If the Senate passes the bills, it would create a truly peculiar precedent. Previous attempts to include wording on human rights from the Rome Statute in U.S. legislation have failed—such as the Crimes Against Humanity Act of 2010, which never received a vote. And while the term “genocide” shows up in Section 1091 of the U.S. Code, the words “crimes against humanity” are nowhere to be seen. In March, the congressional report on forced labor included two pages highlighting how China’s systematic abuses resulted in crimes against humanity, thus showing continued faith by legislators in the international legal framework on these crimes despite the United States not being a party to it.
Many have wondered whether the U.S.-Chinese trade war has unintentionally progressed Washington’s stance on international criminal and human rights law. Although the motives behind forced-labor legislation likely include hurting China economically, the bills take a human rights-based approach. While many rightfully argue that the outgoing administration has been soft on human rights and a perennial violator of international agreements, the conflict with China has led the United States to use forced labor and human rights violations as a sword against Beijing.
The incoming Biden administration seems to prioritize human rights and reestablishing relations with foreign governments and international institutions, and it can be expected to promote the respect of international law. Besides obvious steps such as rejoining the Paris climate agreement, Biden can further bolster the U.S. position in the international arena by effectively being the lead nation in condemning human rights abuses in China.
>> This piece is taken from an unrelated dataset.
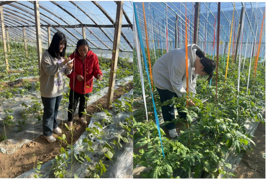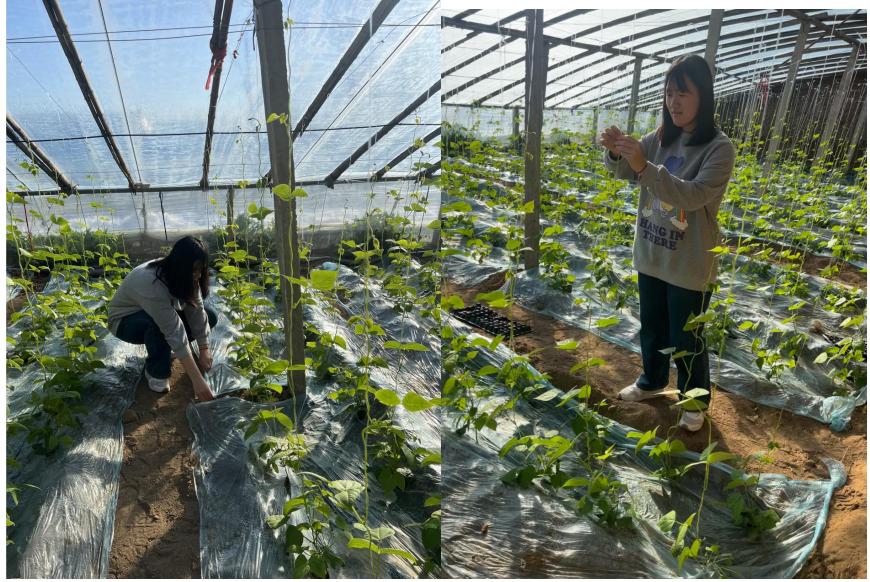 首先,在种植户马阿姨的带领下参观了温室大棚。通过马阿姨的介绍,王珂对大棚有了更加深入的了解,在她们村几乎家家户户都有大棚,同时了解到自乡村振兴战略的“好政策”实施以来,村民们都充满了干劲。

It would not be difficult to take this priority one step further and start condemning and targeting other countries for their abuses as well, not just China in Xinjiang.
The effects would be felt worldwide, not just by U.S. corporations. With strong customs laws and a greater willingness to sanction corporations than most other countries, the U.S. government has already steered foreign and domestic companies away from operating in Xinjiang. This is especially the case with the current regulations, which allow CBP to presume importers to be guilty until they prove otherwise.
While the two House bills are likely to become law, the big question is whether “crimes against humanity” will be included in the final versions’ wording. The current bills both contain references to “the international community,” signaling an attempt to portray the United States as a human rights advocate, even if the legislation is myopically focused on China instead of covering forced labor on a global scale. It may be a little too optimistic to see the terminology included in the new legislation—and the new administration’s emphasis on human rights—as a sign of Washington’s readiness to embrace international criminal law. But views do evolve over time, and there is no reason to believe they can’t change in the United States as well. After all, it’s now been almost two decades since Bush withdrew U.S. support for the ICC.